Searching For Utopia . . . And Finding So-So Technologies

Business pundits claim that things have never moved faster, but the evidence shows exactly the opposite. In fact, we’ve been in a productivity slump for over half a century. Data also shows that industries have become more concentrated, not more competitive, over the past 25 years. U.S. corporate profits have roughly tripled as a percentage of GDP in that same time period.

So what gives? The techno-optimists keep promising us some sort of utopia, with a hypercompetitive marketplace yielding productivity gains so vast that our lives will be utterly transformed for the better. But the data says otherwise. How do we reconcile the visions of the Silicon Valley crowd with the hard analysis of the economists?

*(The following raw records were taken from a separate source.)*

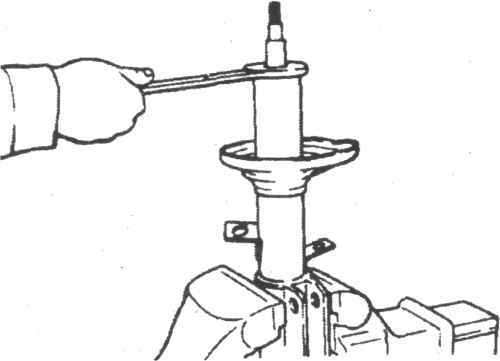 13.6. Амортизатор стойки подвески - замена1. Снимите стойку и пружину с автомобиля. Зажмите стойку в тисках.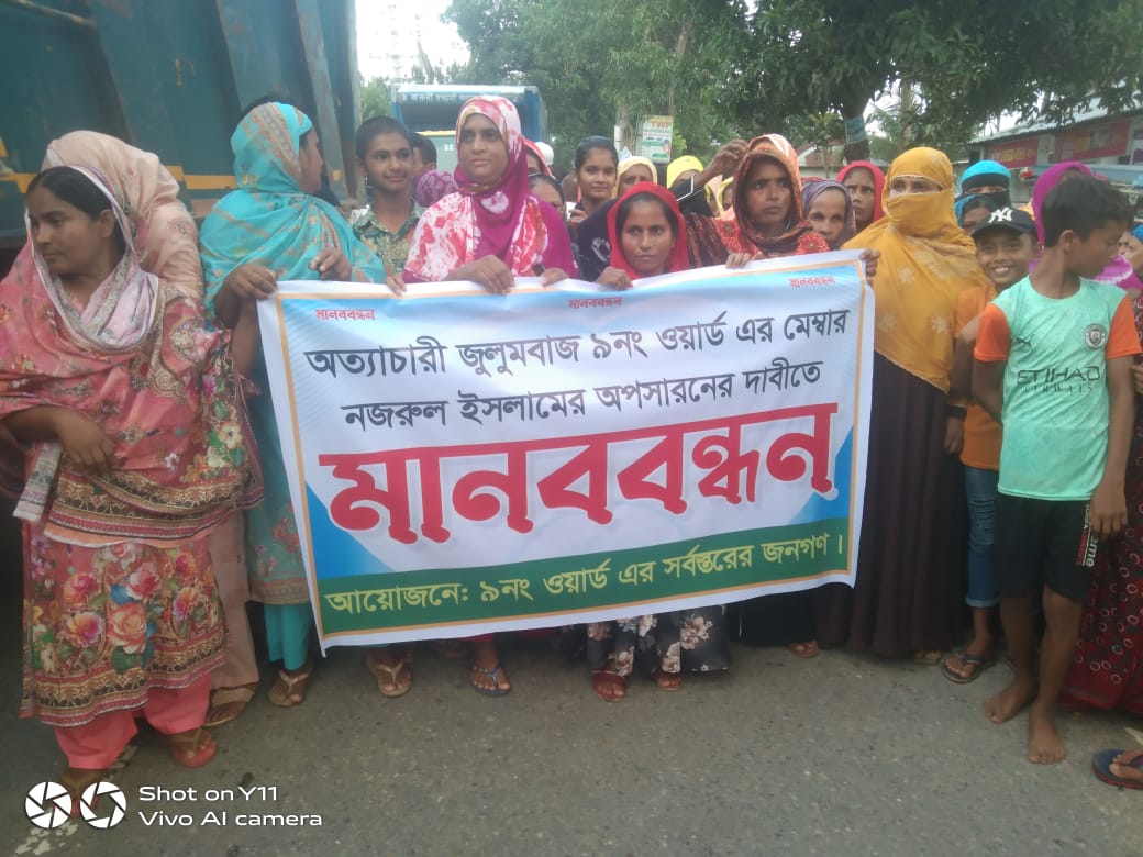 শ্রীপুরে নজরুলের বিরুদ্ধে এলাকাবাসীর মানববন্ধন।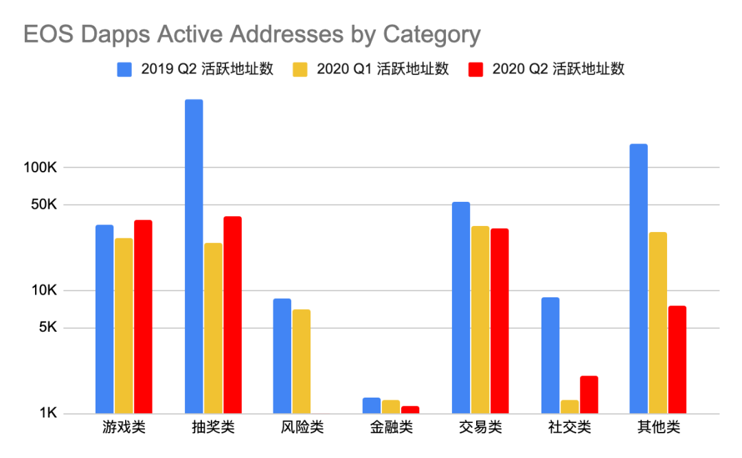 从活跃地址数来看,以太坊在风险类、金融类和交易类占据了绝对优势,波场在抽奖类独领风骚。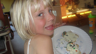 After breakfast we grabbed the sugar cookie dough that had been set aside for making pumpkin cookie cut-outs and we hauled out the snow man cookie cutter as well. The flour that covered my youngest ones mimicked the snowfall outside and the smiles that frosted their faces were sweeter than the frosting we spread once the cut-outs had cooled. After topping the cookies with snow-white icing and sprinkling pumpkin confetti on top, we arranged our creations on a plate and unveiled our winter October scene: snowmen in the pumpkin patch!  With a satisfied sigh, Hannah pointed out that the snowmen were even cooler than scarecrows. And I agreed.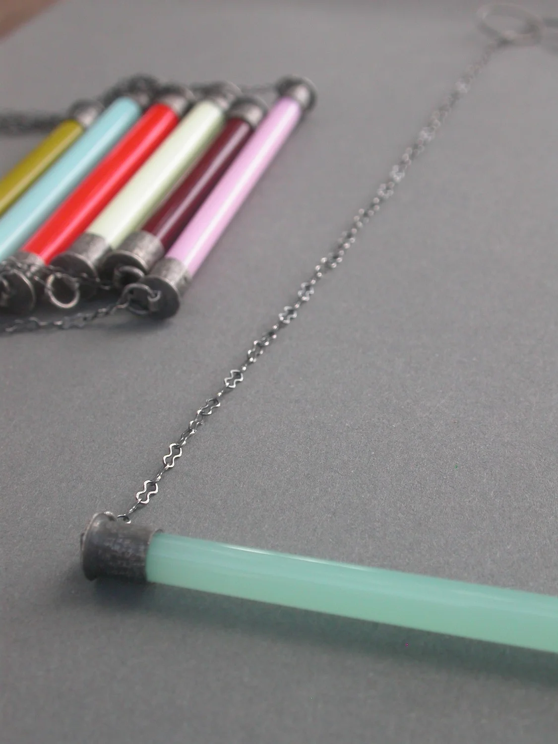 the color bar pendant is made to order. due to the handmade nature there may be subtle differences between the necklace you receive and the pictures in the listing. each piece is made carefully with love and attention to detail. this listing is for the color bar pendant in GRASS only unless other wise specified in the notes to seller. other color bar pendants pictured in images are available in other listings. convo me if you don't see the color listed you wish for. please mention chain length desired in the notes to seller.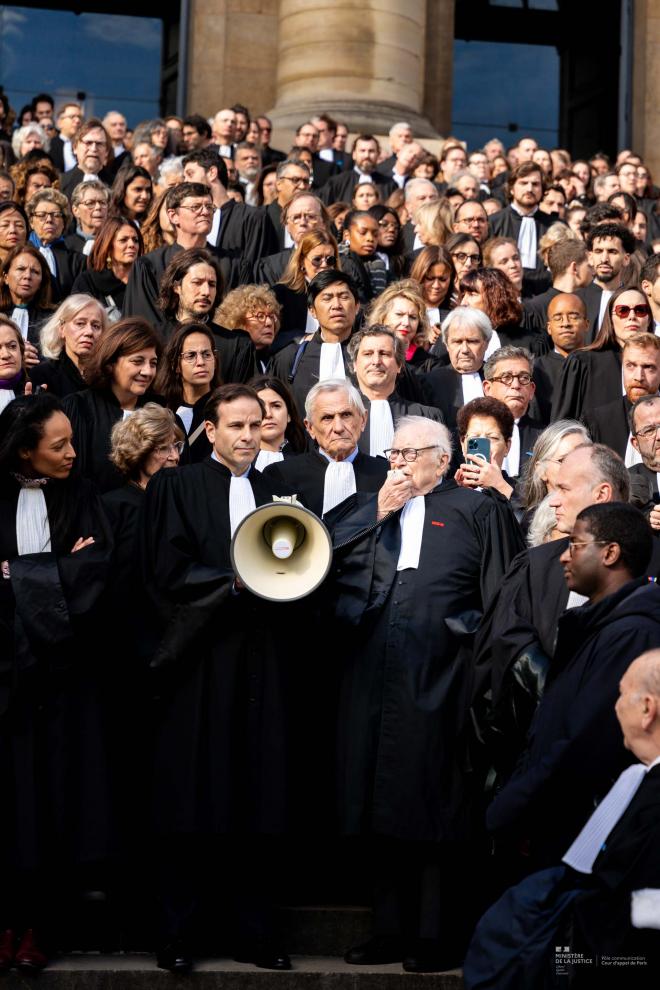Sur les marches historiques de la cour du Mai, le premier président de la cour d’appel, le bâtonnier de Paris, la vice-bâtonnière et son confrère et ami, Maître Leclerc, ont pris la parole pour rendre un vibrant hommage à l’ancien garde des Sceaux et avocat.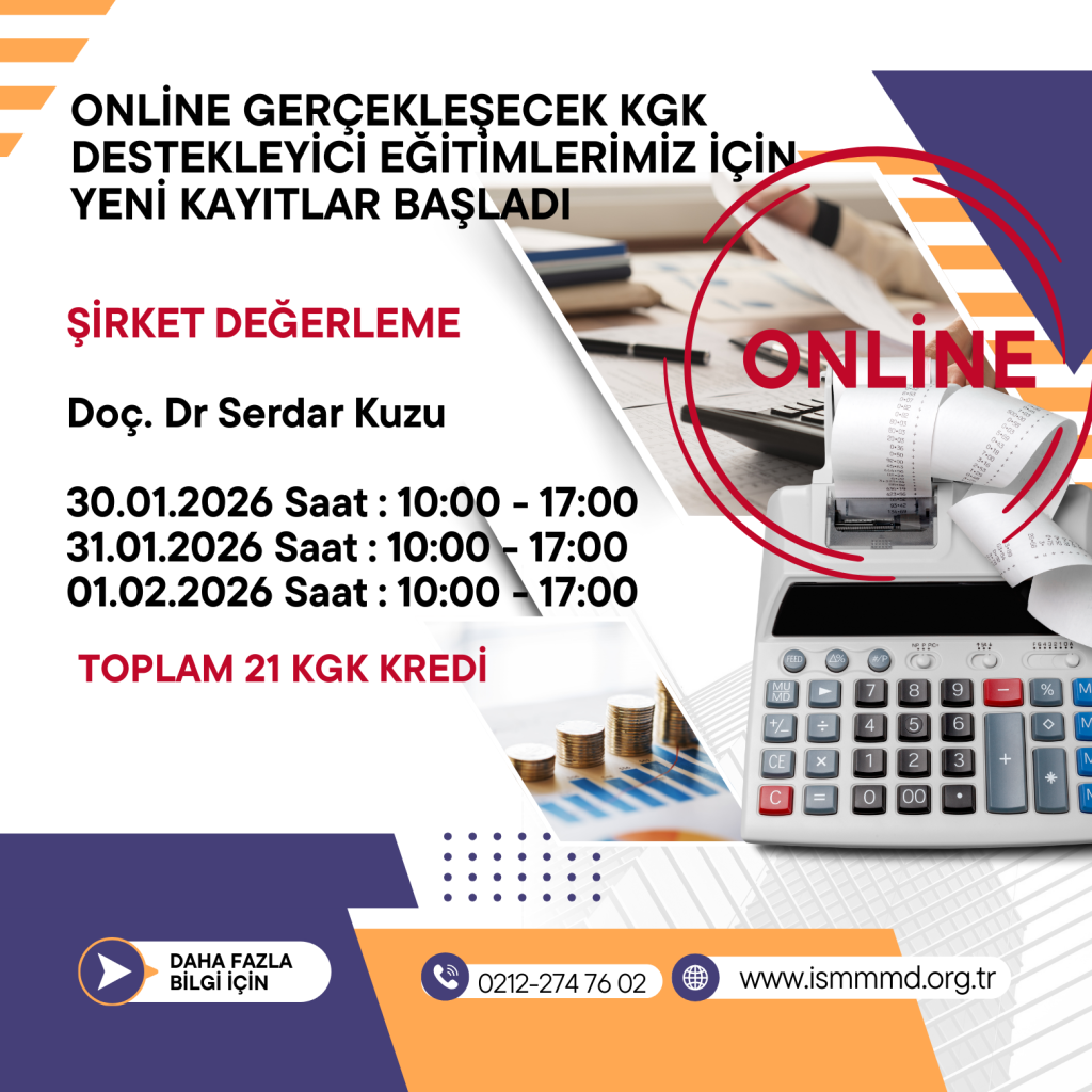 | 30.Oca.26 | 10:00 – 17:00 | ŞİRKET DEĞERLEME | 7 | DOÇ. DR. SERDAR KUZU | UZAKTAN |
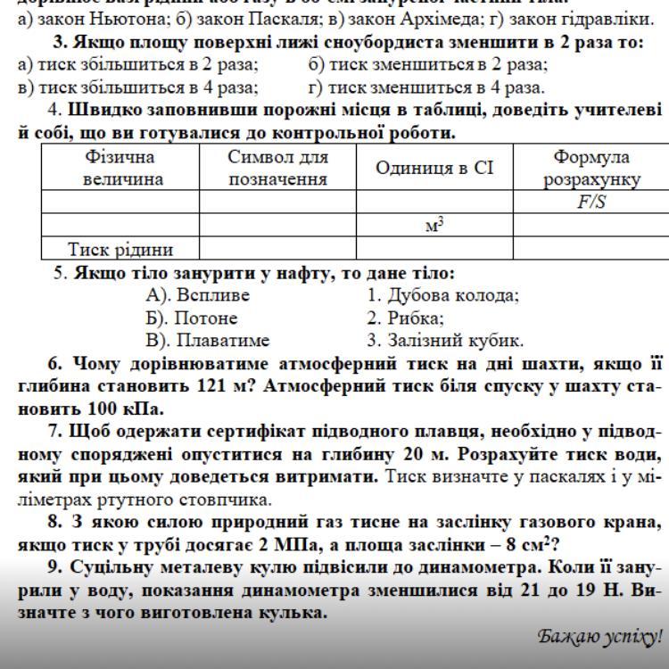 який при цьому доведеться витримати. Тиск визначте у паскалях і у мі-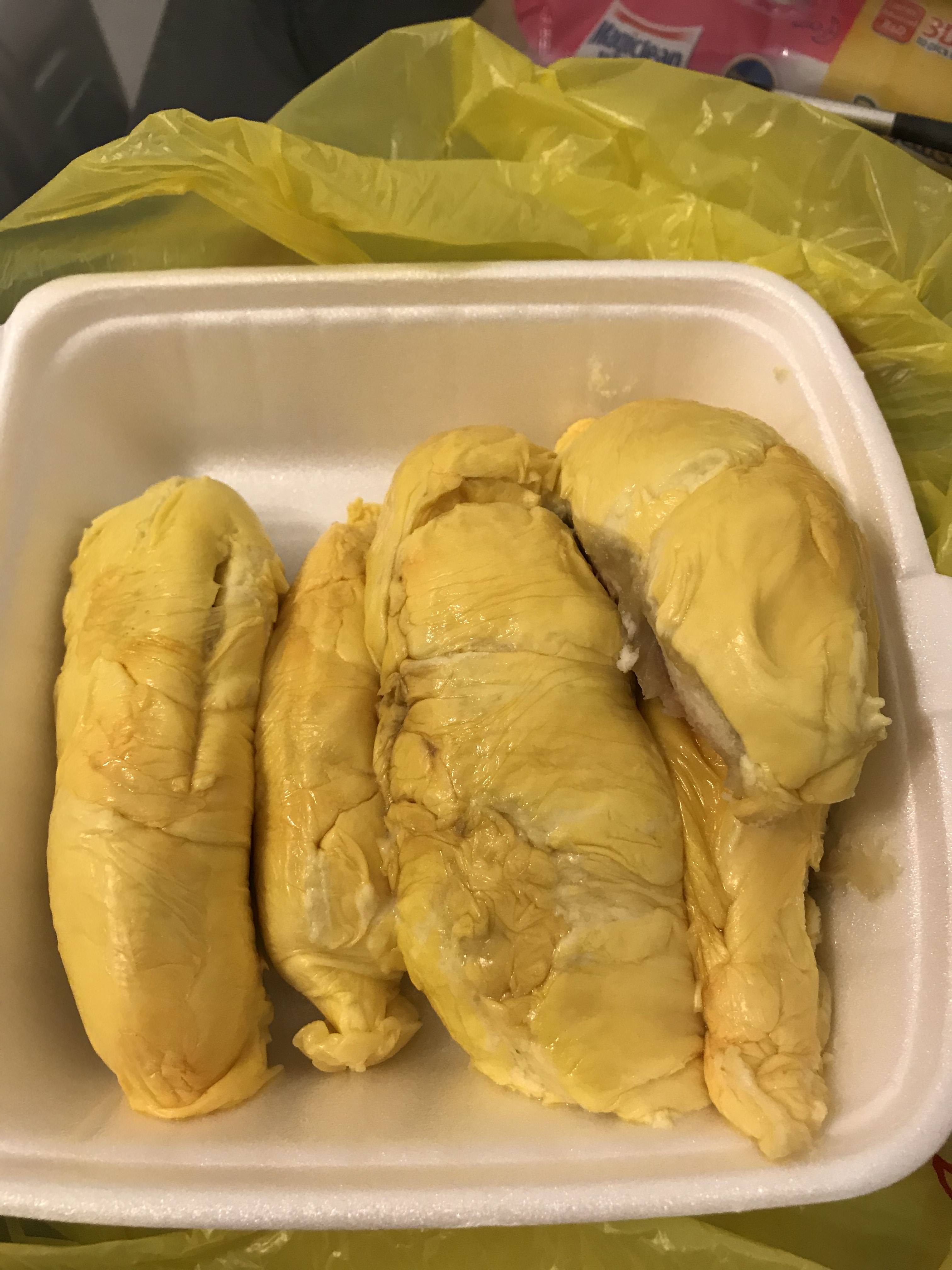 cici0101 • • 28920 次浏览从来都是让老板挑榴莲包好回家吃,对好坏没什么经验,今天买了下图红虾榴莲,回家不仅吃不出甜,还有点像臭又不臭,很难形容的口感,榴莲中间水兮兮的,烂糊糊的,也不知道原来第一口不好是可以整只拿过去换,和队友就拿了一块找过去,老板说要整只拿来…的确感觉理亏,毕竟没有拿整只,也吃了一点点…可真的越吃越觉得难吃…周末刚吃过别家红虾很好吃,太郁闷了…好像我要贪小便宜一样,他卖榴莲这么久了切开不好也不说?以后真的有经验了!

Some of the same factors behind the first productivity paradox are still at play. According to Statista, the digital economy makes up only about 9% of GDP. An analysis by the Federal Reserve Bank found that while AI is having a huge impact on some tasks, such as computing and math, it’s not having much of an effect at all on things like personal services, office and administration work, and blue-collar labor. 

Part of the answer may also lie in what economists Daron Acemoglu and Pascual Restrepo call so-so technologies, such as self-checkouts in supermarkets, screen ordering at airport bars, and automated customer service systems. These produce meager productivity gains and often put a greater burden on the consumer. 

The simple truth is that our economy is vast, and digital technology plays only a limited role in most of it. Next time you’re checking your smartphone in traffic, ask yourself: Is your chatbot making your rent any cheaper? Is it getting you through traffic any faster? Or making your trip to the doctor any less expensive?

Innovation Should Serve People, Not The Other Way Around

In his 1954 essay, “The Question Concerning Technology,” German philosopher Martin Heidegger described technology as akin to art, in that it reveals truths about the nature of the world, brings them forth, and puts them to some specific use. In the process, human nature and its capacity for good and evil are also revealed.

He offers the example of a hydroelectric dam, which uncovers a river’s energy and channels it into electricity. In much the same sense, the breakthrough technologies of today—like the large language models that power our AI chatbots, the forces of entanglement and superposition that drive quantum computing, as well as technologies like CRISPR and mRNA that fuel tomorrow’s miracle cures—were not “built,” so much as they were revealed.

In another essay, “Building Dwelling Thinking,” Heidegger explains that what we build for the world depends on how we interpret what it means to live in it. The relationship is, of course, reflexive. What we build depends on how we wish to dwell, and that act, in and of itself, shapes how we build further.

As we go through yet another hype cycle, we need to keep in mind that we’re not just building for the future, but also for the present, which will look very much like the past. While it is, of course, possible that we are on the brink of some utopian age in which we unlock so much prosperity that drudgery, poverty, and pain become distant memories, the most likely scenario is that most people will continue to struggle.

The truth is that innovation should serve people, not the other way around. To truly build for the world, you need to understand something about how people live in it. Breakthrough innovation happens when people who understand technical solutions are able to collaborate with people who understand real-world problems. Just like in the past, that’s what we need more of now.